• _WORK TO BE COMPLETED_
From the line containing "প্রস্তাবিত বাজেট প্রত্যাহার করে আত্মনির্ভরশীল" down to the final line of the entries below, return each line exactly and drop the pictures.

• _DATA FOR PROCESSING_
* * * * * * *

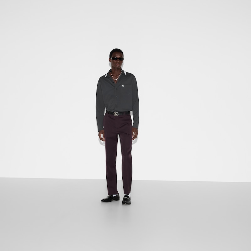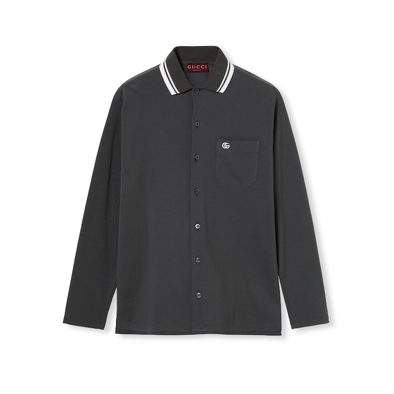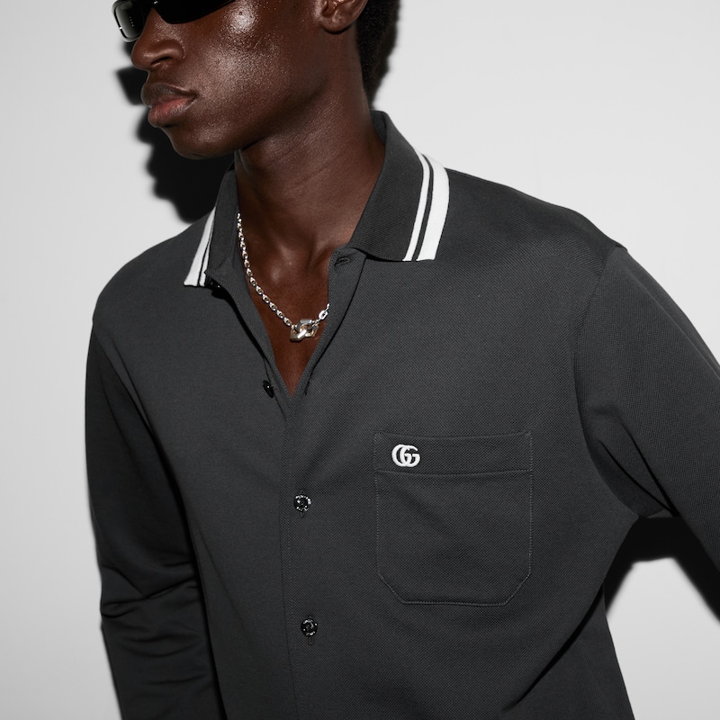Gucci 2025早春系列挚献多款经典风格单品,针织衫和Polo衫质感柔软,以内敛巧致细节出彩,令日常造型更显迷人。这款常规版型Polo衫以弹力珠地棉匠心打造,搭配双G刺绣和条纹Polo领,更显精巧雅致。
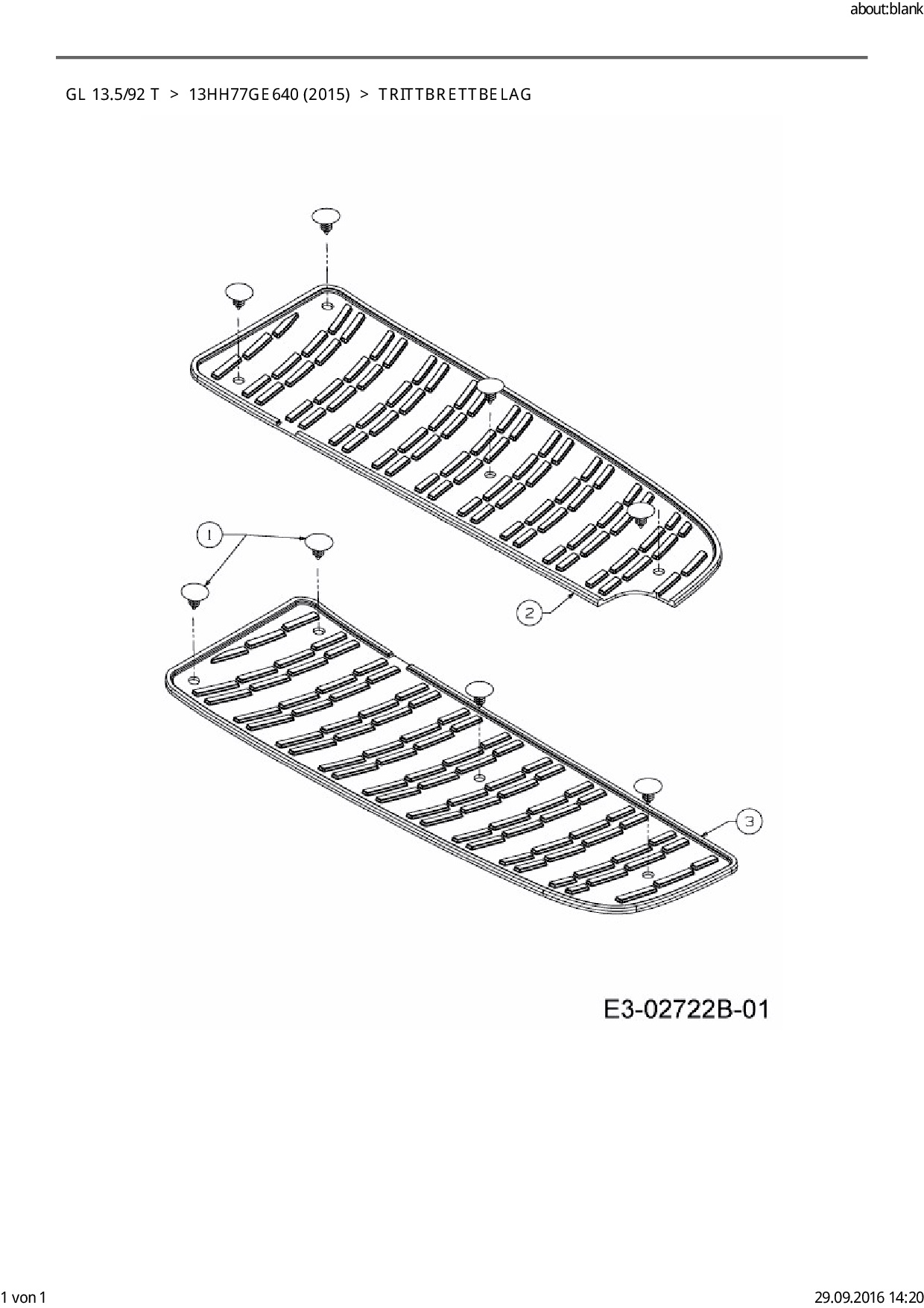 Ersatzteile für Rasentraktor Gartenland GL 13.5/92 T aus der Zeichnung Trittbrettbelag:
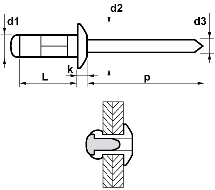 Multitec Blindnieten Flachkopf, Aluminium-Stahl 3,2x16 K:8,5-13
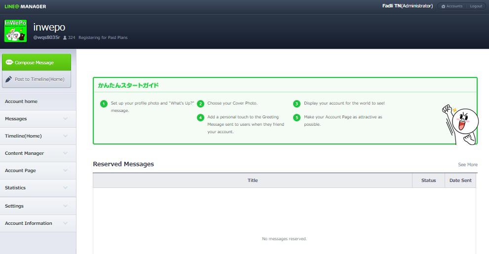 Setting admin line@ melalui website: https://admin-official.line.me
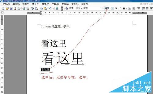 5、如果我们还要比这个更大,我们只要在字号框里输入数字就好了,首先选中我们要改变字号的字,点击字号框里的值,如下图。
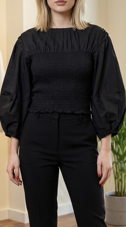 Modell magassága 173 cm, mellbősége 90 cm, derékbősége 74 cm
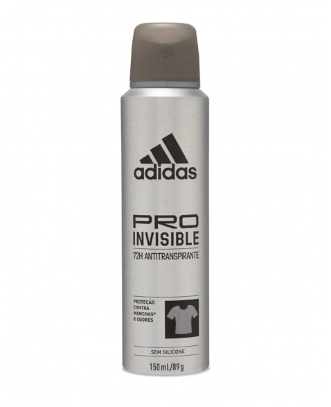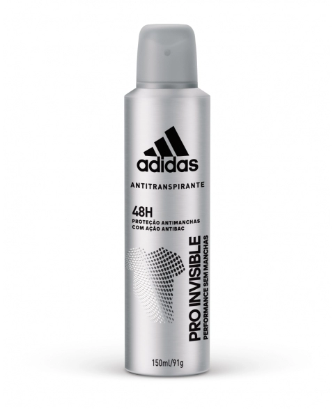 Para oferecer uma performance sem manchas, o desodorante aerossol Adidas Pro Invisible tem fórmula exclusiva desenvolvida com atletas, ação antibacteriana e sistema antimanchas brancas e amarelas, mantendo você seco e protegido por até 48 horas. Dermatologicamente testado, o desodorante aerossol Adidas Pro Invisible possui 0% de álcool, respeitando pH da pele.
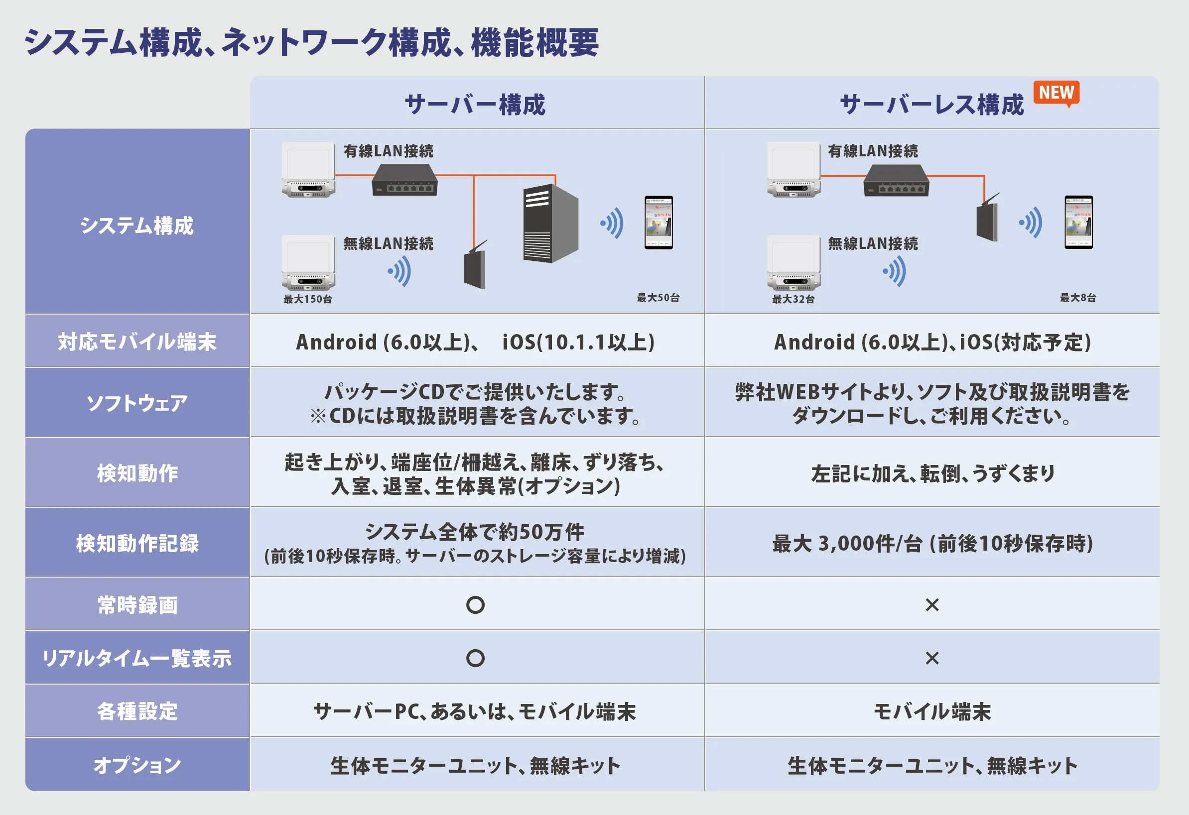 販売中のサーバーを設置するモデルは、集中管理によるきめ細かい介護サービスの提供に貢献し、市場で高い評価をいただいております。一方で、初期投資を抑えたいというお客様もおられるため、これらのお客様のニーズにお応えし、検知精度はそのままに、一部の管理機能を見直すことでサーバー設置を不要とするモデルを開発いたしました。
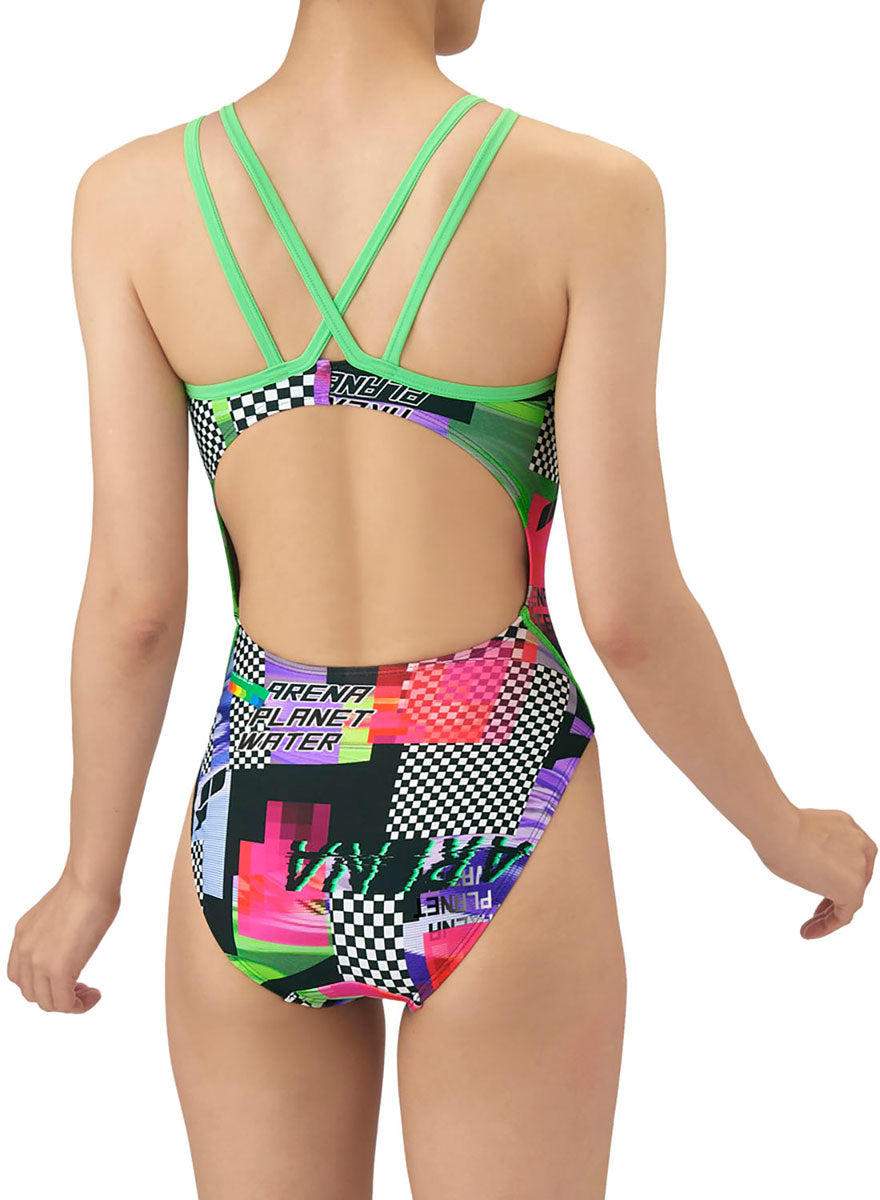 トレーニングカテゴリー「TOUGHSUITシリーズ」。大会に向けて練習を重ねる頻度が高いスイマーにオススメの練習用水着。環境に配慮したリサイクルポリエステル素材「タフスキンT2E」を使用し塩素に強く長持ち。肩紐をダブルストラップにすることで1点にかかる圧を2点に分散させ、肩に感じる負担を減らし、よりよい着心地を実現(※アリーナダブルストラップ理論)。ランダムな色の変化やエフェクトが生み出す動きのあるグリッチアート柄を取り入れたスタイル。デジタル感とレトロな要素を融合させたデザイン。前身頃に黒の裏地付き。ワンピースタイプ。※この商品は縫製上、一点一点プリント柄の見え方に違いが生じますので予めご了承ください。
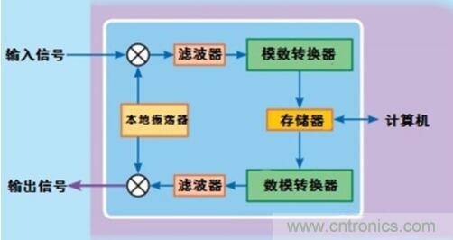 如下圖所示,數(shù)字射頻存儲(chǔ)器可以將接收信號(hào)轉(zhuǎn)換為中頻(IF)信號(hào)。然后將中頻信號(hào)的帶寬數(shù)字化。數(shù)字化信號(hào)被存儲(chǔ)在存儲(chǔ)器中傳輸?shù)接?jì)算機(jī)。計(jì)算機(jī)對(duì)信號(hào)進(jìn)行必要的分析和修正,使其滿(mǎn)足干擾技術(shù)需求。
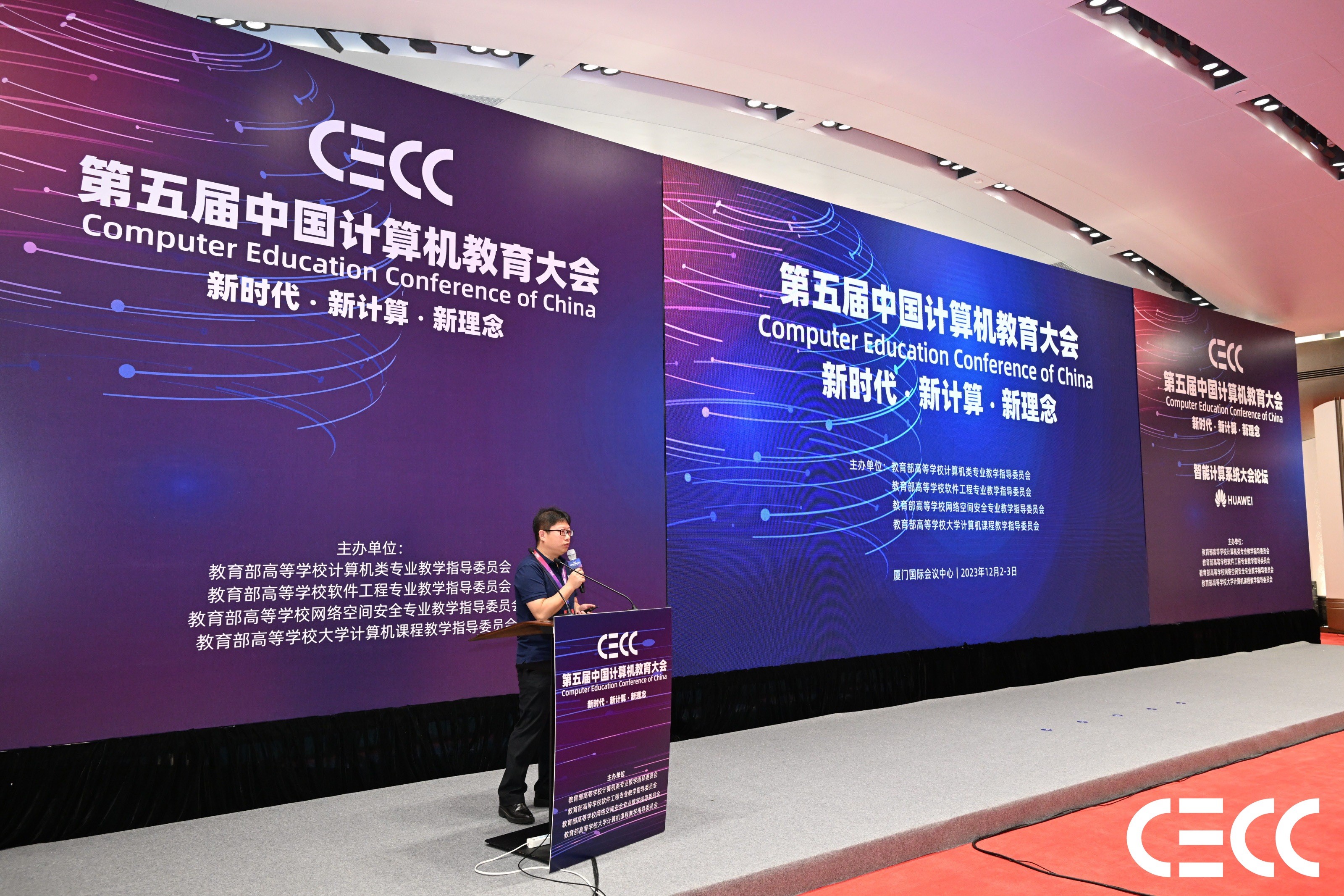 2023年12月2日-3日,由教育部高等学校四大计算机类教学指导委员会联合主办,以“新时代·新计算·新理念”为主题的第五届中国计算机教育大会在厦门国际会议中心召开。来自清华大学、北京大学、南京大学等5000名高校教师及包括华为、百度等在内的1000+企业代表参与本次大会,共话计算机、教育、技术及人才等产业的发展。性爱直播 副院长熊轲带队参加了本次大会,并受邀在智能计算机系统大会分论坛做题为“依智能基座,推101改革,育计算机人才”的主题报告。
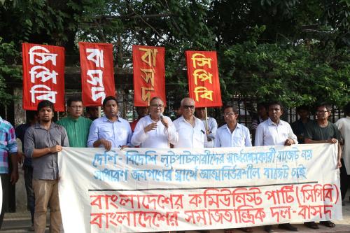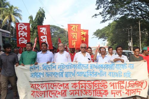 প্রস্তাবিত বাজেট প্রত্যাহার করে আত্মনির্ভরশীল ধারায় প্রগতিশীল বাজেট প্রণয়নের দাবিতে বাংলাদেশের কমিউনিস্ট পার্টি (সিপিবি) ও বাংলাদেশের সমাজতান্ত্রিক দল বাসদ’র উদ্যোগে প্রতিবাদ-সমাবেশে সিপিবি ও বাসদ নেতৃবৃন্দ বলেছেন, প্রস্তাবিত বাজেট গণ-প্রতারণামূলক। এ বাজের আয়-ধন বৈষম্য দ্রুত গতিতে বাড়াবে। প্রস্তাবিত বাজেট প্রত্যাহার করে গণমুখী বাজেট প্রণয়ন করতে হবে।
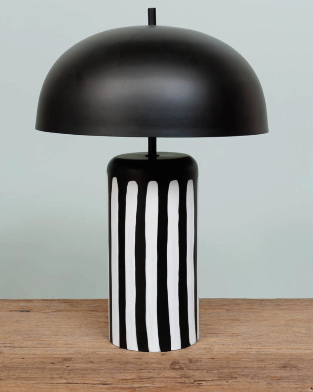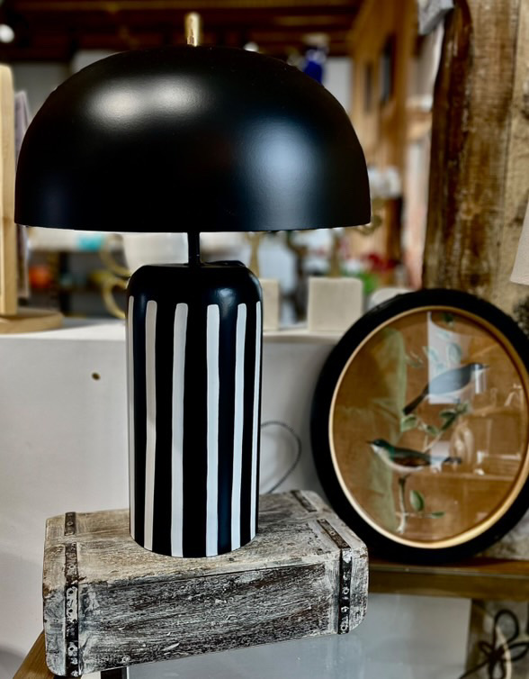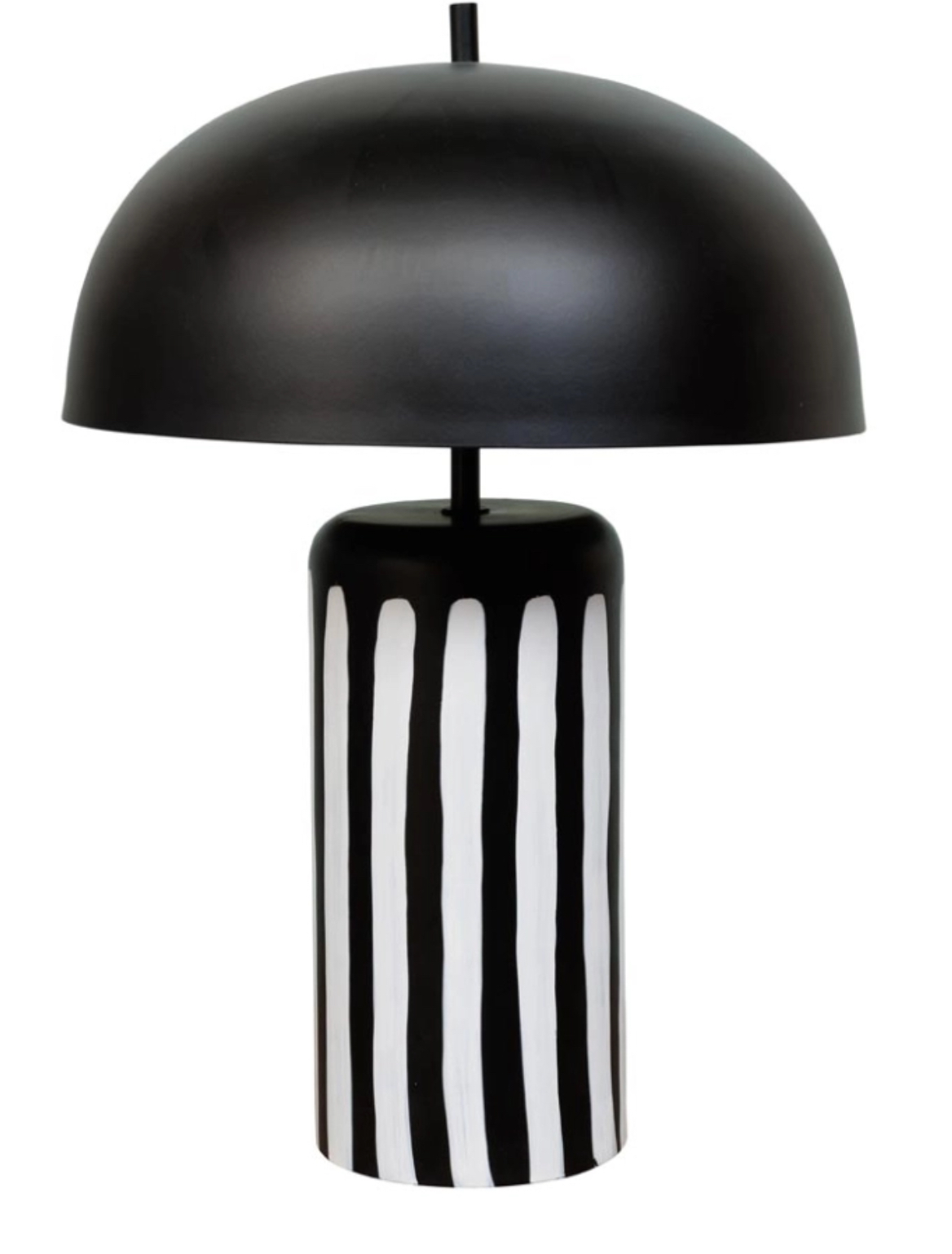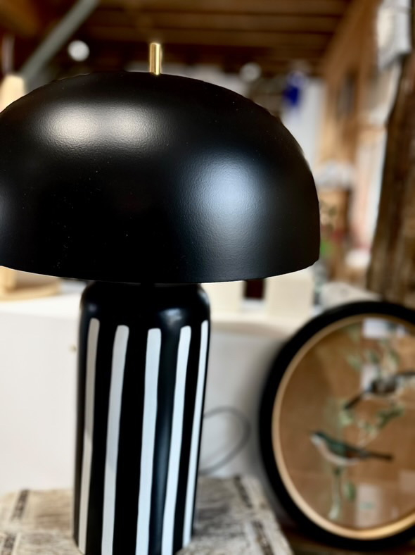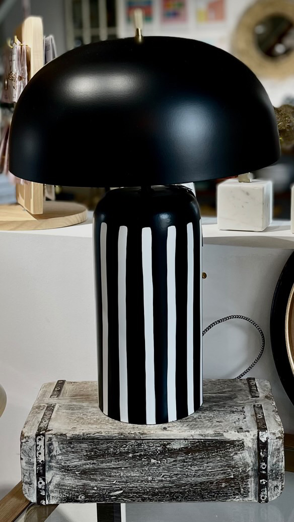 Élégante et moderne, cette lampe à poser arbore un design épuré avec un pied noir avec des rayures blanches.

* * * * * * *

• _TASK SOLUTION_
 প্রস্তাবিত বাজেট প্রত্যাহার করে আত্মনির্ভরশীল ধারায় প্রগতিশীল বাজেট প্রণয়নের দাবিতে বাংলাদেশের কমিউনিস্ট পার্টি (সিপিবি) ও বাংলাদেশের সমাজতান্ত্রিক দল বাসদ’র উদ্যোগে প্রতিবাদ-সমাবেশে সিপিবি ও বাসদ নেতৃবৃন্দ বলেছেন, প্রস্তাবিত বাজেট গণ-প্রতারণামূলক। এ বাজের আয়-ধন বৈষম্য দ্রুত গতিতে বাড়াবে। প্রস্তাবিত বাজেট প্রত্যাহার করে গণমুখী বাজেট প্রণয়ন করতে হবে।
 Élégante et moderne, cette lampe à poser arbore un design épuré avec un pied noir avec des rayures blanches.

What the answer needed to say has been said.